An Ohio factory owner said Saturday that though she has blue-collar jobs available at her company, she struggles to fill positions because so many candidates fail drug tests.
Regina Mitchell, a co-owner of Warren Fabricating & Machining in Hubbard, Ohio, told The New York Times this week that four out of 10 applicants otherwise qualified to be welders, machinists and crane operators will fail a routine drug test.
In an interview Saturday with CNN’s Michael Smerconish, Mitchell said that her requirements for prospective workers were simple.
“I need employees who are engaged in their work while here, of sound mind and doing the best possible job that they can, keeping their fellow co-workers safe at all times,” she said.

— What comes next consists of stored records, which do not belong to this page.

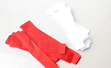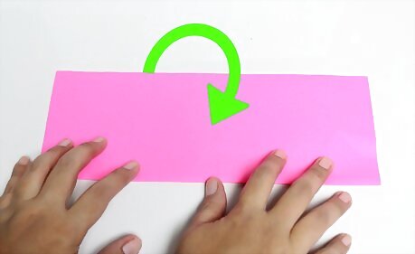 Fold the red paper in half, like a hotdog. Place the red paper down on the table in front of you and bring the two long edges together. Flatten the paper so that you end up with a long, skinny rectangle. The folded part of the rectangle should be facing you.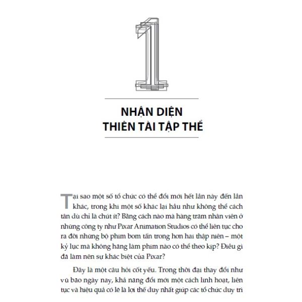 Bằng cách nào mà hàng trăm nhân viên ở những công ty như Pixar Animation Studios có thể liên tục cho ra đời những bộ phim bom tấn trong hơn hai thập niên – một kỉ lục mà không hãng làm phim nào có thể theo kịp? Điều gì đã giúp Pixar trở thành một công ty sở hữu bề dày lịch sử đổi mới sáng tạo đáng gờm?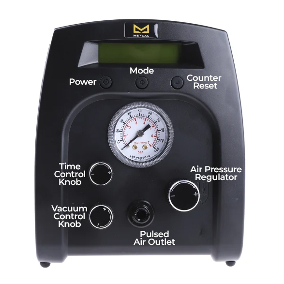 The Metcal DX-250 Precision digital dispenser offers excellent value for money with exceptional accuracy and repeatability often only associated with higher end systems seen today. The DX-250 includes a vacuum pull back for reducing waste lower viscosity materials, alongside a rotary time knob for easy use and setup.

“We have a 150-ton crane in our machine shop. And we’re moving 300,000 pounds of steel around in that building on a regular basis. So I cannot take the chance to have anyone impaired running that crane, or working 40 feet in the air.”
President Donald Trump addressed his blue-collar base in Ohio this week, returning to his campaign theme of getting local communities back to work and returning jobs to America from overseas.
But Mitchell said she has jobs. She just doesn’t have sober applicants.
For 48 of the 50 years her company has been around, drug abuse had never been an issue, she told Smerconish.
“It hasn’t been until the last two years that we needed to have a policy, a corporate policy in place, that protects us from employees coming into work impaired,” she said.
Opioid use is on the rise across the country, but especially in Ohio. In 2014, the state had the second-largest number of opioid-related deaths in the United States and the fifth-highest rate of overdose.
“This opioid epidemic that we’re experiencing … it seems like it’s worse than in other places all over the country,” Mitchell said.
Ohio’s new law on medical marijuana, which went into effect in 2016 and allows those with a qualifying condition and a recommendation from a physician to buy the drug legally, was another hurdle for employers to overcome, she said.
“The difficult part about marijuana is, we don’t have an affordable test that tells me if they smoked it over the weekend or smoked it in the morning before they came to work. And I just can’t take the chance of having an impaired worker running a crane carrying a 300,000-pound steel encasement,” she said.
For now, she said, there are almost 12,000 open skilled labor jobs in Mahoning County.
“There are good-paying jobs and the opportunity for people in our area. We just can’t find people to show up who can pass a drug test,” she said.